The ANA (Association of National Advertisers) applauds the U.S. Court of Appeals for the District of Columbia Circuit for vacating the Food and Drug Administration (FDA) Rule requiring graphic new warnings on all tobacco products and advertising. The 2-1 decision of the Court of Appeals was announced on August 24th in the case of RJ Reynolds Tobacco Company v. FDA.

“We are very pleased that the Court of Appeals has vacated the FDA’s graphic warnings Rule,” said Dan Jaffe, ANA’s Group Executive Vice President for Government Relations. “The court held that the Rule would turn product packages and ads into miniature billboards for the government’s desired message. As the court noted, there are many other less intrusive alternatives the government can use to reduce smoking, but having the government compelling speech crosses a critically important constitutional line.”

The FDA rule was mandated by Congress under the Family Smoking Prevention and Tobacco Control Act of 2009. The FDA issued its final rule on June 21, 2011, which included highly disturbing graphics of cadavers, smoke coming out of a hole in a throat, and a lung filled with cigarette butts. Five tobacco companies filed a lawsuit in federal court in DC challenging the new rules. ANA and the American Advertising Federation (AAF) filed a “friend of the court” brief in the case on November 21, 2011, arguing that the Rule is an illegitimate effort to deputize advertisers to promote the government’s message. In March, the U.S. District Court for the District of Columbia issued a permanent injunction blocking enforcement of the law. That decision was appealed to the Court of Appeals and on April 4th, ANA and AAF filed another “friend of the court” brief in the case.

The court noted that “this case raises novel questions about the scope of the government’s authority to force the manufacturer of a product to go beyond making purely factual and accurate commercial disclosures and undermine its own economic interest—in this case, by making ‘every single pack of cigarettes in the country [a] mini billboard’ for the government’s anti-smoking message.’”

In vacating the Rule, the court stated: “The First Amendment requires the government not only to state a substantial interest justifying a regulation on commercial speech, but also to show that its regulation directly advances that goal. FDA failed to present any data – much less the substantial evidence required under the APA – showing that enacting their proposed graphic warnings will accomplish the agency’s stated objective of reducing smoking rates. The Rule thus cannot pass muster under Central Hudson.”

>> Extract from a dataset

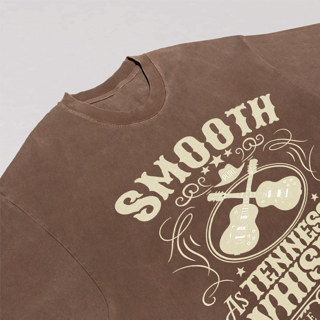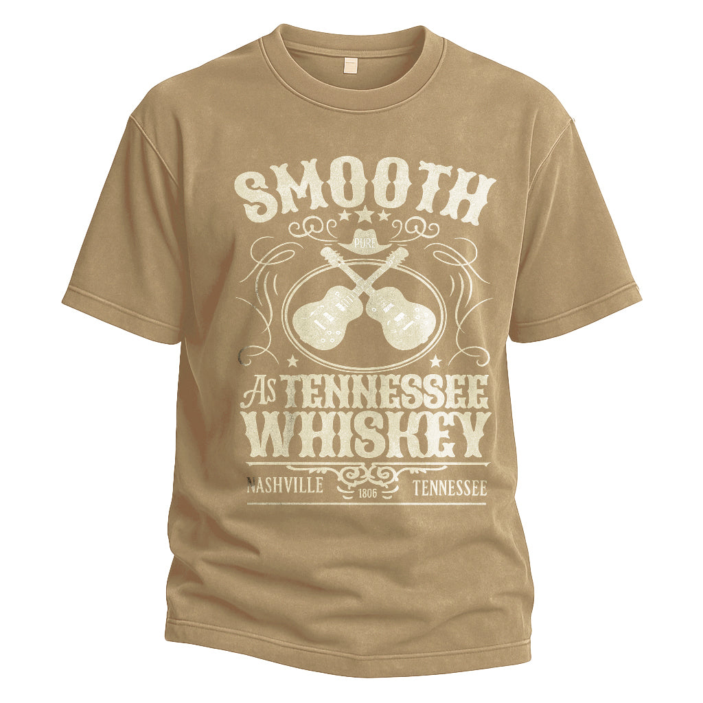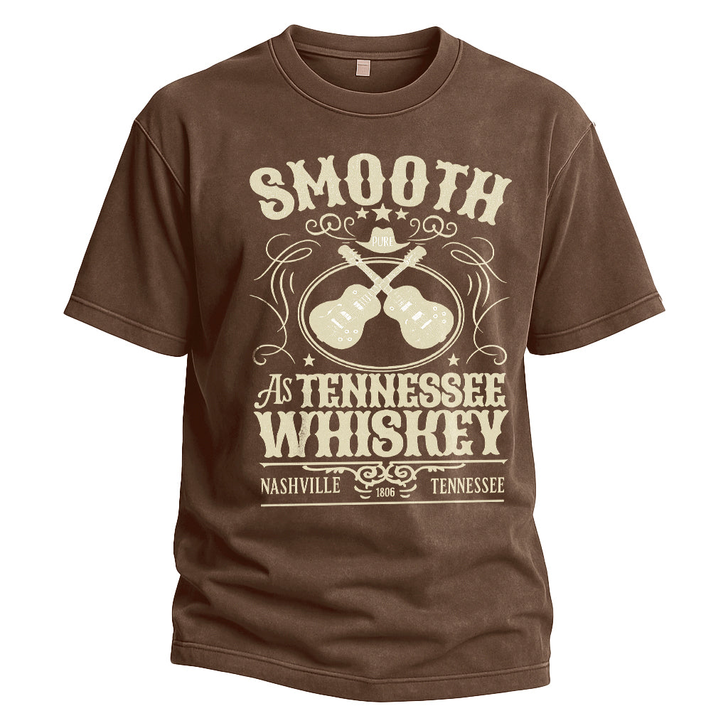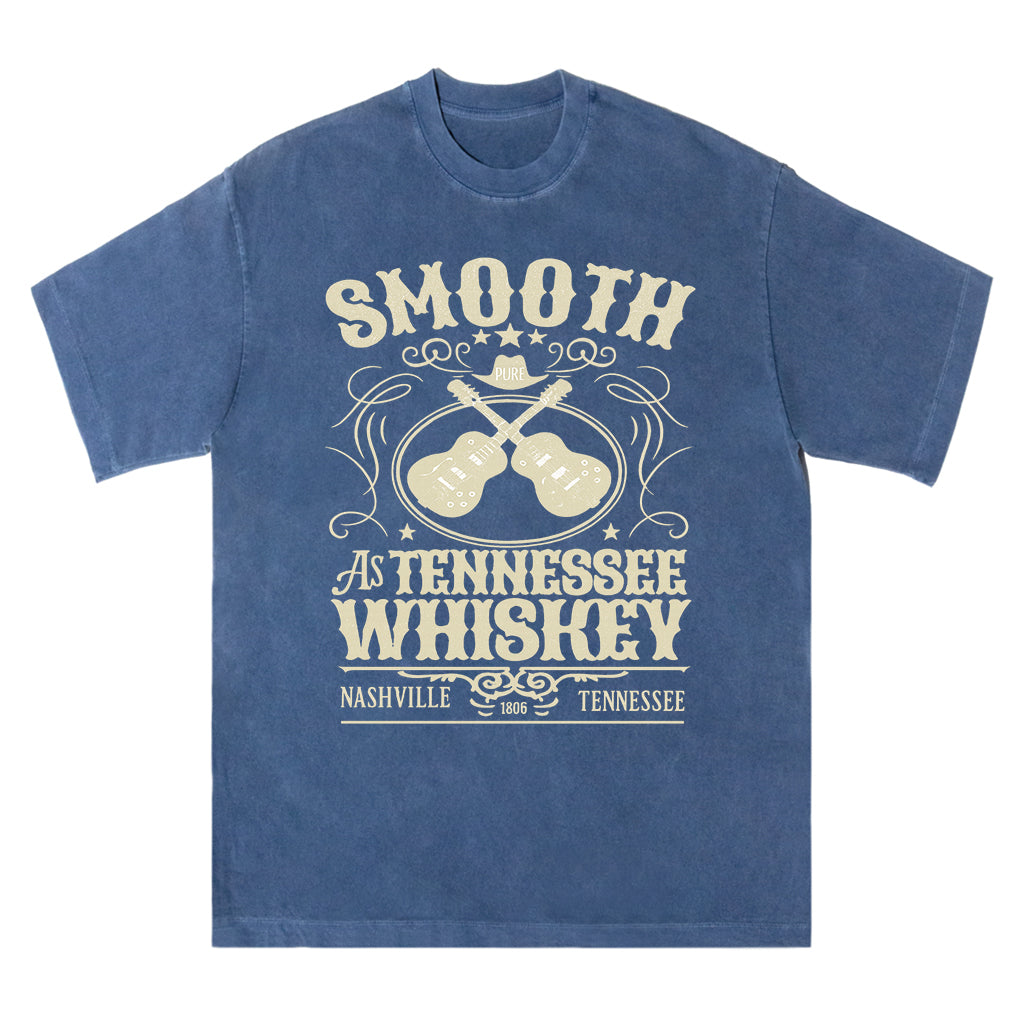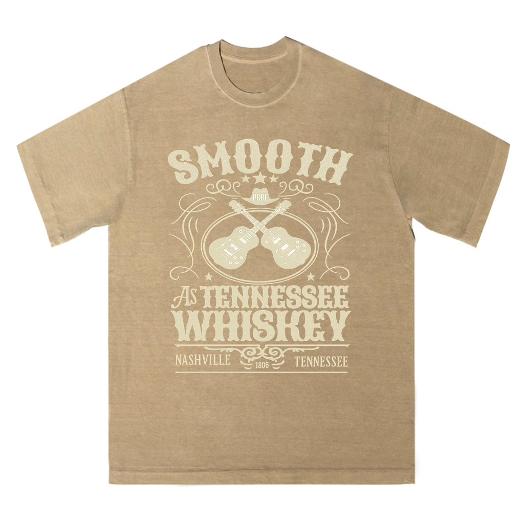 Gray t-shirt with 'Smooth as Tennessee Whiskey' graphic design on a white background

“While the issue here is tobacco advertising, there are numerous other products for which this Rule would have set a very dangerous precedent,” said Jaffe. “History shows that there is a wide range of products about which some believe ‘the government knows best’ and should have the power to regulate advertising in order to tilt public debate in a preferred direction. That is precisely the kind of paternalism that the First Amendment does not permit.”